DIRECTIONS =>
Give the data again exactly, without images.
SUPPLIED MATERIAL section start
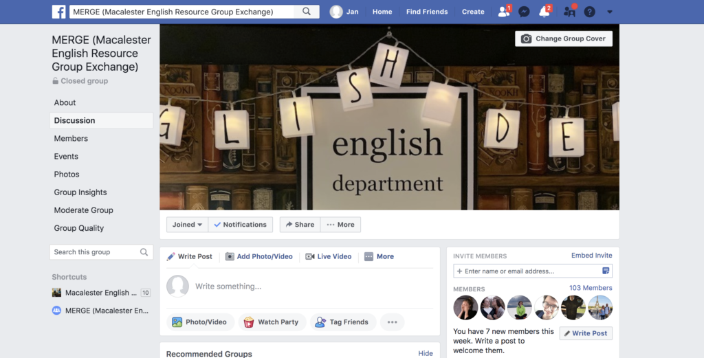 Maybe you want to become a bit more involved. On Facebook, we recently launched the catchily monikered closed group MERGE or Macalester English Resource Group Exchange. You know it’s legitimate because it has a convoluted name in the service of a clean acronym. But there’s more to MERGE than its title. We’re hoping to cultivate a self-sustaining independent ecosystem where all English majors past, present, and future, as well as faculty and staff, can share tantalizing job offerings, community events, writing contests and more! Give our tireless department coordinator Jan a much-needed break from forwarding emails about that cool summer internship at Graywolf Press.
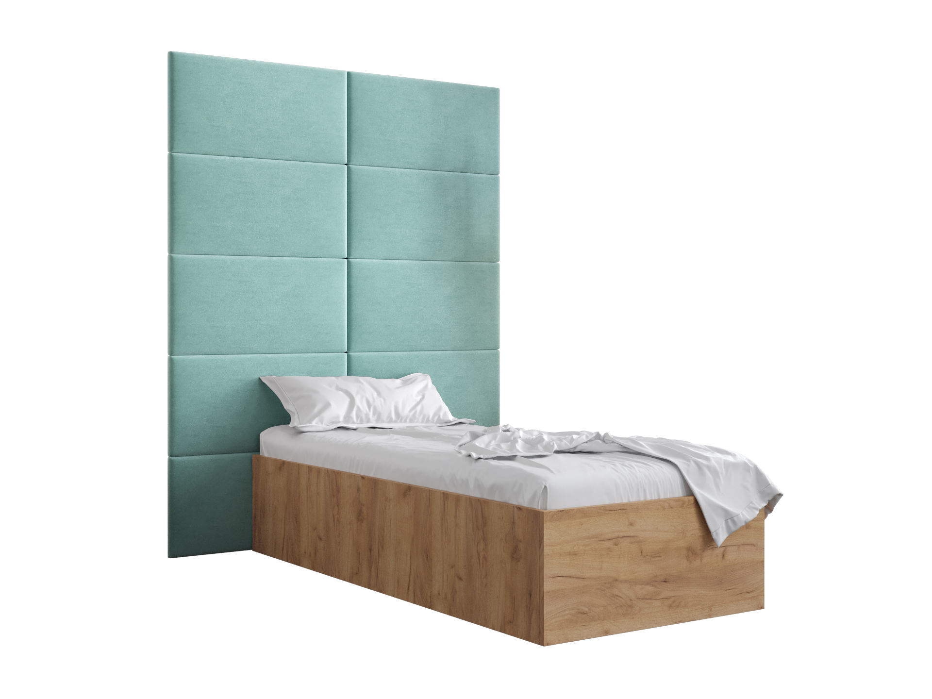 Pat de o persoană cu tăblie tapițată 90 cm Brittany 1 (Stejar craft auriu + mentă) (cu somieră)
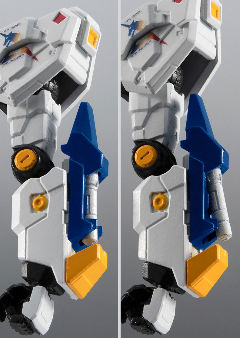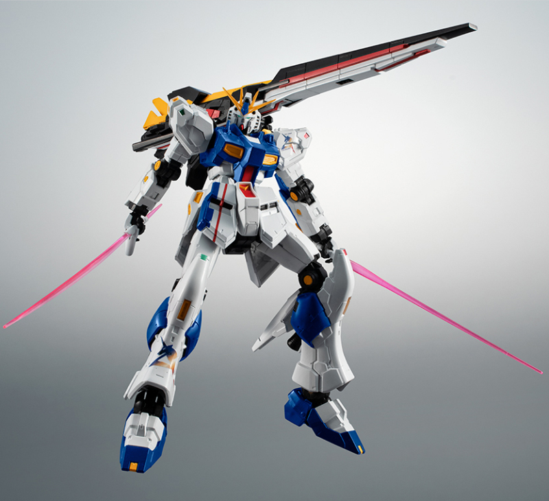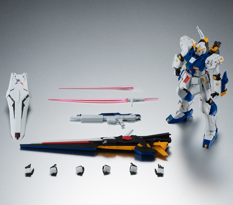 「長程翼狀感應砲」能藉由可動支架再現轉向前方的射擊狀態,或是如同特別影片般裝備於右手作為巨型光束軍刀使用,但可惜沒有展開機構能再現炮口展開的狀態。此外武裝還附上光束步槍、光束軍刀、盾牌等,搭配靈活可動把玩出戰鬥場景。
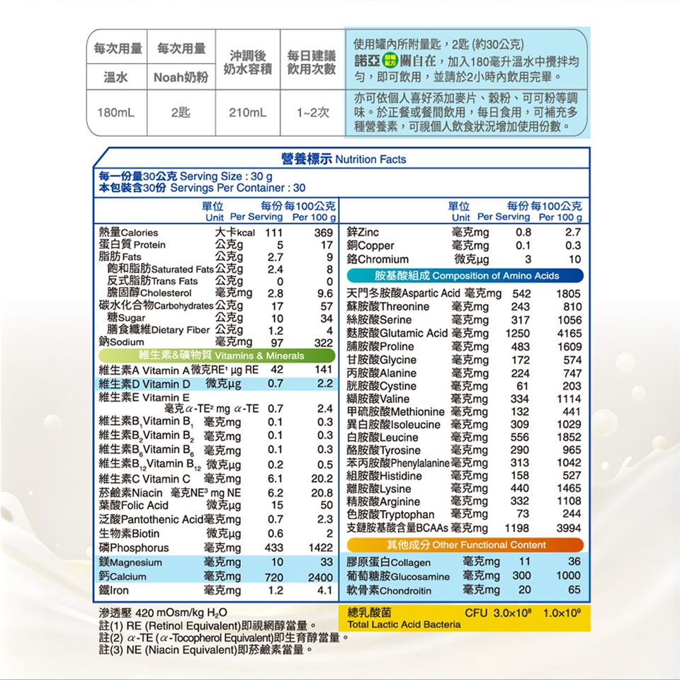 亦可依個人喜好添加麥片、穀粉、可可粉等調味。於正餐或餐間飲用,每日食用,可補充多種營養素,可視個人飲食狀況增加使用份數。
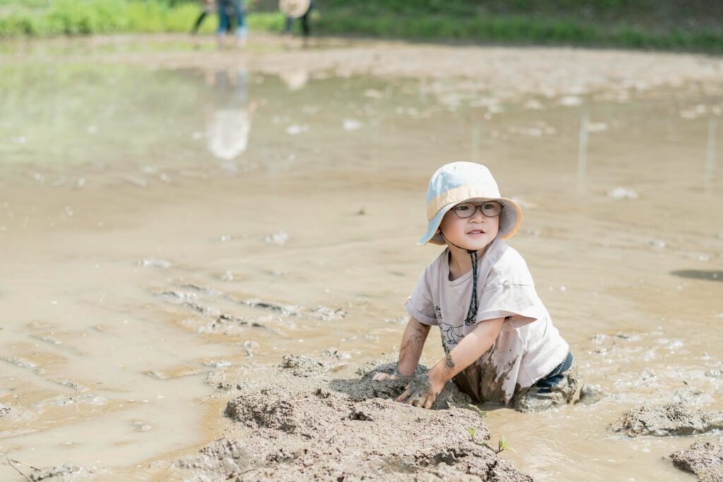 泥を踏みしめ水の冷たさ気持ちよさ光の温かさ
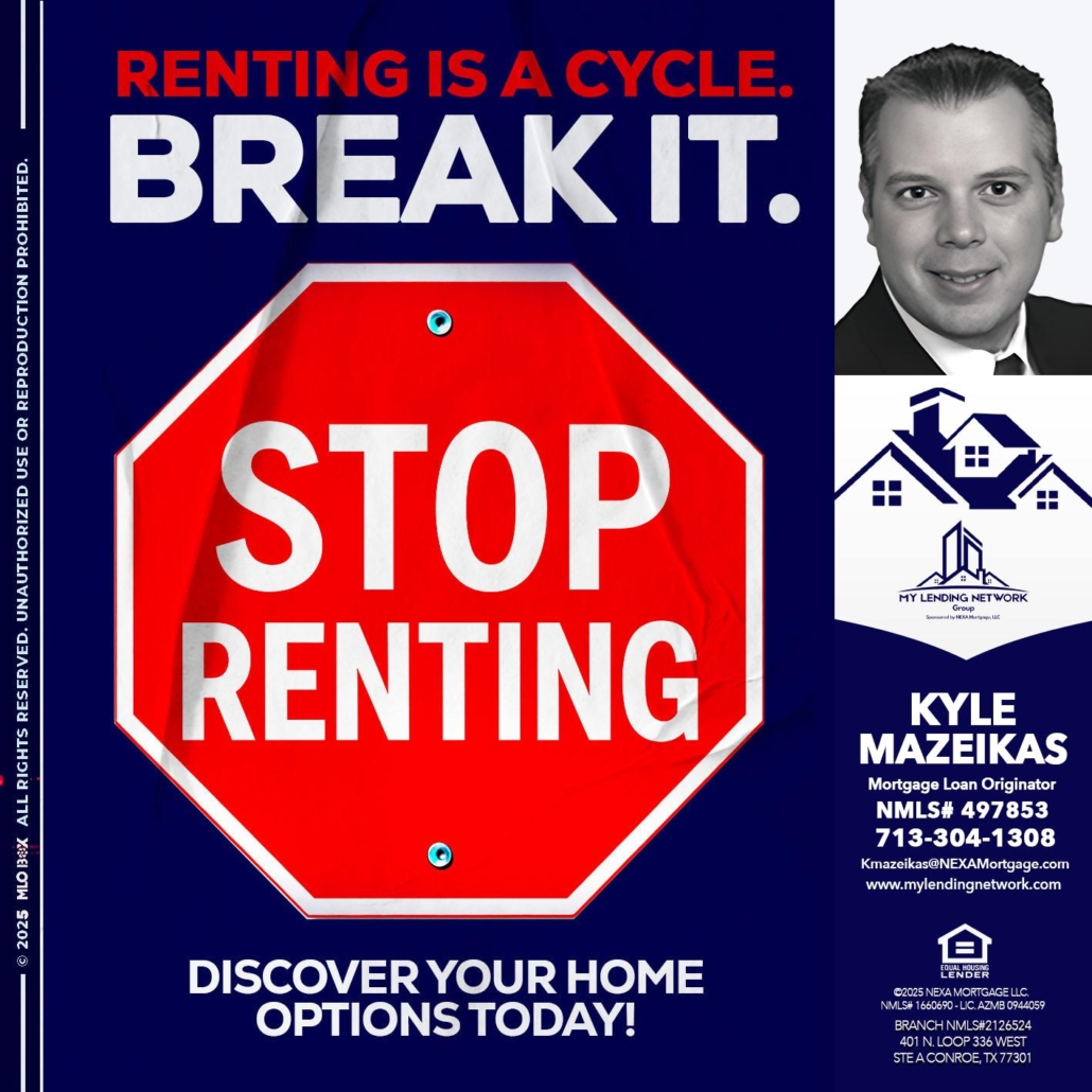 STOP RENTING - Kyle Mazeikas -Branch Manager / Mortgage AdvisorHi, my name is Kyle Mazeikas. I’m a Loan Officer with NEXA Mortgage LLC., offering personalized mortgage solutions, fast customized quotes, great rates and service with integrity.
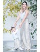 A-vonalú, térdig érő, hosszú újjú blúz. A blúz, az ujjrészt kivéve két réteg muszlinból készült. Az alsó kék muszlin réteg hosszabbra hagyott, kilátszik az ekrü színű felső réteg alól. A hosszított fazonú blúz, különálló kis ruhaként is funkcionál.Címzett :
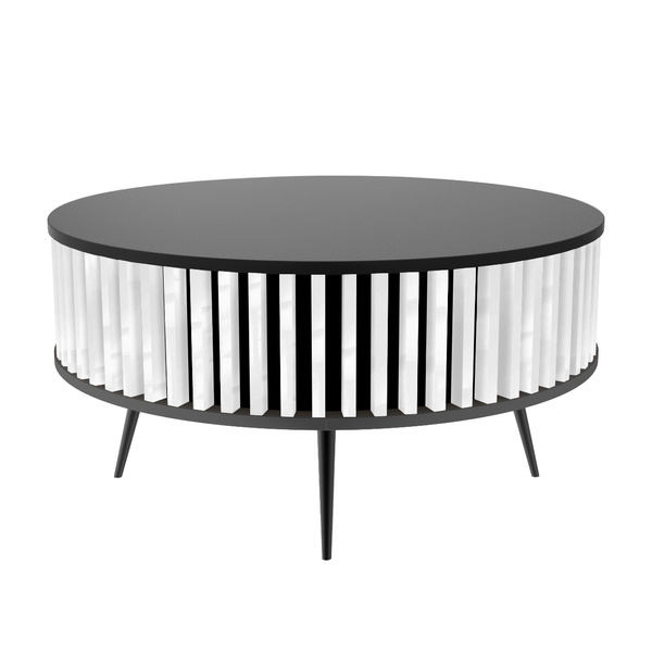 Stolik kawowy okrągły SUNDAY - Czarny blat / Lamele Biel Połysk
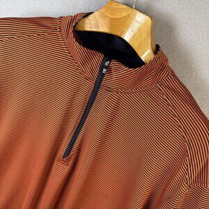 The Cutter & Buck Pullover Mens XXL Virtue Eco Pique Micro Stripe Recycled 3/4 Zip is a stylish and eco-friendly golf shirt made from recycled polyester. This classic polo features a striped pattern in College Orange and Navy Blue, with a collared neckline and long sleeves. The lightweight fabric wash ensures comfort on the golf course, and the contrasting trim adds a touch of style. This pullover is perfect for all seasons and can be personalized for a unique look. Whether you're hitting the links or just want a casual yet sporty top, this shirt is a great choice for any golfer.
SUPPLIED MATERIAL section end
RESULT =>
 Maybe you want to become a bit more involved. On Facebook, we recently launched the catchily monikered closed group MERGE or Macalester English Resource Group Exchange. You know it’s legitimate because it has a convoluted name in the service of a clean acronym. But there’s more to MERGE than its title. We’re hoping to cultivate a self-sustaining independent ecosystem where all English majors past, present, and future, as well as faculty and staff, can share tantalizing job offerings, community events, writing contests and more! Give our tireless department coordinator Jan a much-needed break from forwarding emails about that cool summer internship at Graywolf Press.
 Pat de o persoană cu tăblie tapițată 90 cm Brittany 1 (Stejar craft auriu + mentă) (cu somieră)
 「長程翼狀感應砲」能藉由可動支架再現轉向前方的射擊狀態,或是如同特別影片般裝備於右手作為巨型光束軍刀使用,但可惜沒有展開機構能再現炮口展開的狀態。此外武裝還附上光束步槍、光束軍刀、盾牌等,搭配靈活可動把玩出戰鬥場景。
 亦可依個人喜好添加麥片、穀粉、可可粉等調味。於正餐或餐間飲用,每日食用,可補充多種營養素,可視個人飲食狀況增加使用份數。
 泥を踏みしめ水の冷たさ気持ちよさ光の温かさ
 STOP RENTING - Kyle Mazeikas -Branch Manager / Mortgage AdvisorHi, my name is Kyle Mazeikas. I’m a Loan Officer with NEXA Mortgage LLC., offering personalized mortgage solutions, fast customized quotes, great rates and service with integrity.
 A-vonalú, térdig érő, hosszú újjú blúz. A blúz, az ujjrészt kivéve két réteg muszlinból készült. Az alsó kék muszlin réteg hosszabbra hagyott, kilátszik az ekrü színű felső réteg alól. A hosszított fazonú blúz, különálló kis ruhaként is funkcionál.Címzett :
 Stolik kawowy okrągły SUNDAY - Czarny blat / Lamele Biel Połysk
 The Cutter & Buck Pullover Mens XXL Virtue Eco Pique Micro Stripe Recycled 3/4 Zip is a stylish and eco-friendly golf shirt made from recycled polyester. This classic polo features a striped pattern in College Orange and Navy Blue, with a collared neckline and long sleeves. The lightweight fabric wash ensures comfort on the golf course, and the contrasting trim adds a touch of style. This pullover is perfect for all seasons and can be personalized for a unique look. Whether you're hitting the links or just want a casual yet sporty top, this shirt is a great choice for any golfer.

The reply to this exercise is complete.